In Fremantle, currently being deployed on the Nokia N900, landscape is the mode used for the default desktop and general interface. This is due to many factors, between them, software heritage from previous Maemo releases, as well as the hardware design of the device currently using it.
However, the reduced size of the device, which makes it easier to carry in one hand, as well as an opening of Maemo to a broader audience has brought interest from many users have in having wider support for portrait mode in Fremantle.
Currently, applications can be designed to work either in landscape or portrait mode, and the methods to do so are available to developers wishing to implement them, but portrait mode is not mandatory for development.
The implementation of Portrait Mode across the whole Fremantle UI is a complex task, which will require skills from UI designers, software developers and some intensive, and possibly, time consuming, work process. It is currently unknown if Nokia is going to add Portrait Mode for Fremantle by themselves. In case they aren't, members of the community are interested in working to address this issue.
There are many challenges to add portrait mode to Fremantle:
Challenge 1: The UI has to be designed for it.

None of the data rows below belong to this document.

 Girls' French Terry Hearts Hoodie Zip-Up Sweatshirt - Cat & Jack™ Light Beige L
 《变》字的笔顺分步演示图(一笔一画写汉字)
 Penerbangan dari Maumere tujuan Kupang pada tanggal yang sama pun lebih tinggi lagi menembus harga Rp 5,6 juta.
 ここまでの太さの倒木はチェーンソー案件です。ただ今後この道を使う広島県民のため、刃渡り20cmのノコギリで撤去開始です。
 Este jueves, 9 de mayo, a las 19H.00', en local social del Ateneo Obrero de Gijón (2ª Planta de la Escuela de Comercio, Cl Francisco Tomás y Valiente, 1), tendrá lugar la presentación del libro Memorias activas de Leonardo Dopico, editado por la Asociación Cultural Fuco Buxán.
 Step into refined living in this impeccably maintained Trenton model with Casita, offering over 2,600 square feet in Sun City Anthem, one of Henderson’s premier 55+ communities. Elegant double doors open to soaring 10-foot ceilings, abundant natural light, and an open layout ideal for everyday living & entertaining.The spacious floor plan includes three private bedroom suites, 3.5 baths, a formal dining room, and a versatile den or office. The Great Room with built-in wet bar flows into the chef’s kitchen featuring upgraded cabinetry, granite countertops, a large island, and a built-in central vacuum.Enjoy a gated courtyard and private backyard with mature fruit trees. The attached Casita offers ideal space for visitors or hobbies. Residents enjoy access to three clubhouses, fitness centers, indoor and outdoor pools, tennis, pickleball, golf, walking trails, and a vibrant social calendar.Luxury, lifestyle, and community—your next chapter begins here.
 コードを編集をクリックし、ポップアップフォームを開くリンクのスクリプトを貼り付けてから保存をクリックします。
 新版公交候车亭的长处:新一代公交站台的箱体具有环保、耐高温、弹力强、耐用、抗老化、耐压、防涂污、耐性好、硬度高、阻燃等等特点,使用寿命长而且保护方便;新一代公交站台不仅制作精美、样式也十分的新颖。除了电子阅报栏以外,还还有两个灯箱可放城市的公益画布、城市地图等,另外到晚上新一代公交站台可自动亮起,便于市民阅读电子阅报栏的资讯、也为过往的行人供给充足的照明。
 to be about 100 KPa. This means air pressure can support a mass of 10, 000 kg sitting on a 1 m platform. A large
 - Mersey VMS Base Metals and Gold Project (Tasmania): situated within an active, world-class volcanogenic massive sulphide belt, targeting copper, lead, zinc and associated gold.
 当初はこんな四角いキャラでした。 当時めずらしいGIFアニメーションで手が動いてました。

This includes the re-designing of the dashboard for portrait mode, and if necessary, re-positioning of the on-screen buttons, icons and shortcuts when the user changes from landscape to portrait in the different menus and sections of the OS.

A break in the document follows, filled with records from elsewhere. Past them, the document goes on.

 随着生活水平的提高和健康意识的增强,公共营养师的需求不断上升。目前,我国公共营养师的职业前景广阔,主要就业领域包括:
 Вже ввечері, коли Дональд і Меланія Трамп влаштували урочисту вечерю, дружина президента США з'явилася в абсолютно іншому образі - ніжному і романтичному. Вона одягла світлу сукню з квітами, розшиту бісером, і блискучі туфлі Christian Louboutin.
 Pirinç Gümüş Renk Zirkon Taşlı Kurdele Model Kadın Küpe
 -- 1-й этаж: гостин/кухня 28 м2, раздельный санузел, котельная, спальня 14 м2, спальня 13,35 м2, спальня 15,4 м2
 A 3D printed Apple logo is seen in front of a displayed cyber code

Challenge 2: The widgets: The default desktop is clean, which allows the user to install the widgets in the way he finds more comfortable, in any position in the screen. This implies the development of a method to change the widgets from their landscape position to portrait in a friendly and coherent way.

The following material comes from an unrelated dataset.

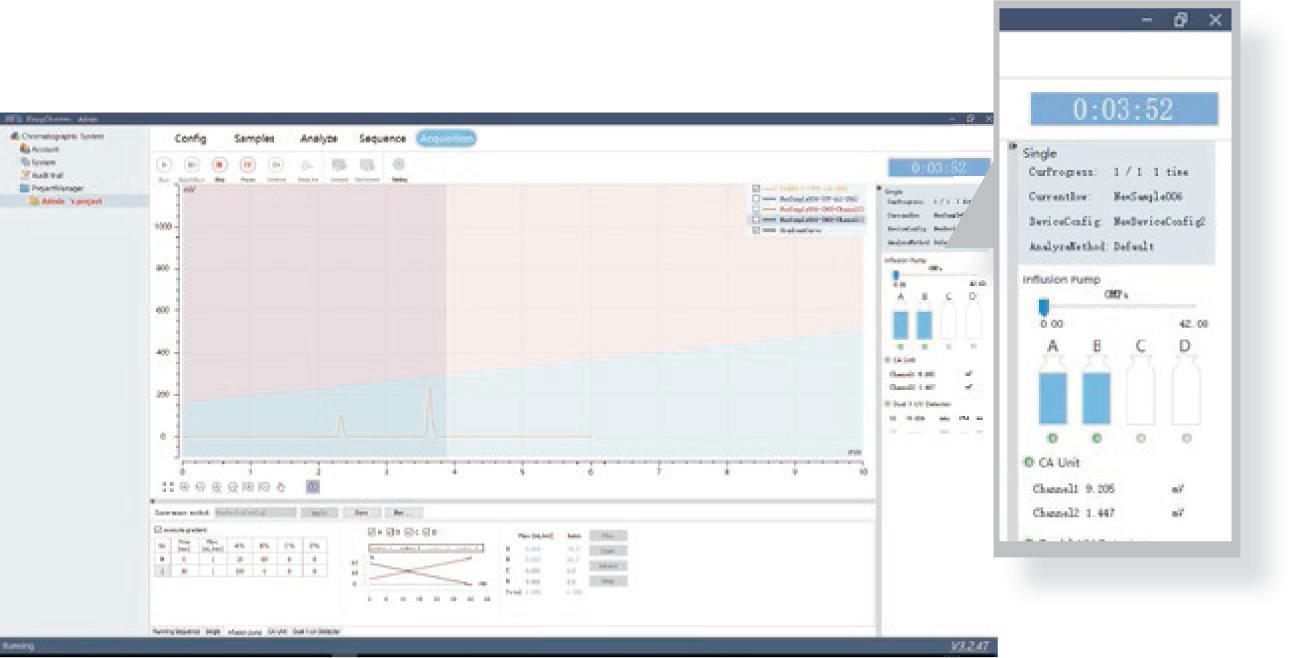 HP-3000色譜工作站是專門為制備、純化的客戶而開發(fā)的,很好的將儀器控制和譜圖處理進行了融合,整體界面簡潔清楚,一目了然。針對制備色譜的要求,去除了部分繁瑣的譜圖處理功能使之更適合與制備。
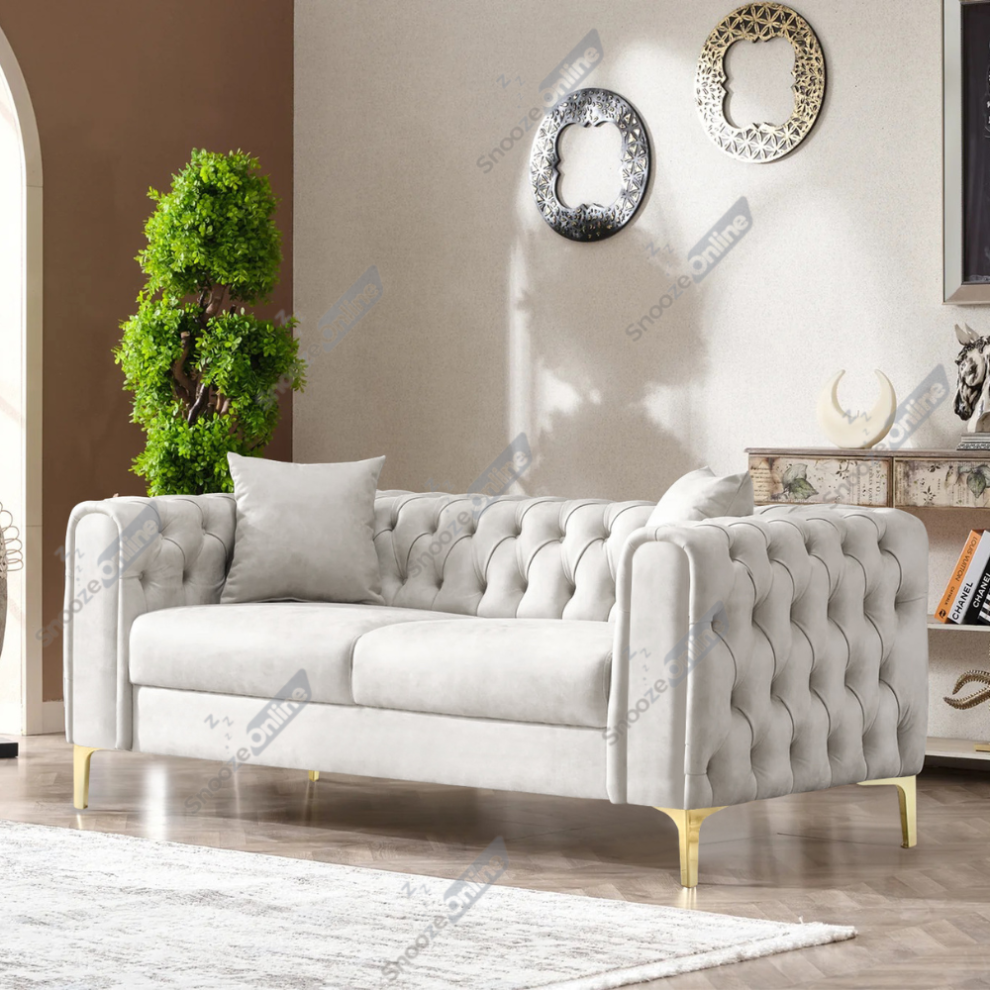 (Silver Velvet, 2 Seater Sofa) SNOOZE Online Velvet Sloane 3 and 2 Seater Sofa Sets, Corner Sofas For Living Room, Upholstered Plush Fabric 3 Seater V

Challenge 3: A landscape input method has to be designed and developed. This would mean the addition of a portrait on-screen keyboard. This keyboard may be numeric (like a phone) or qwerty. It would need text prediction and correction capabilities. From the visual standpoint, it would be visually pleasing for it not to cover the whole screen and to be semi-transparent.
Challenge 4: Some applications will have to be re-designed for Portrait Mode, or another applications with similar functions will have to be developed and promoted (browser, media player, among others).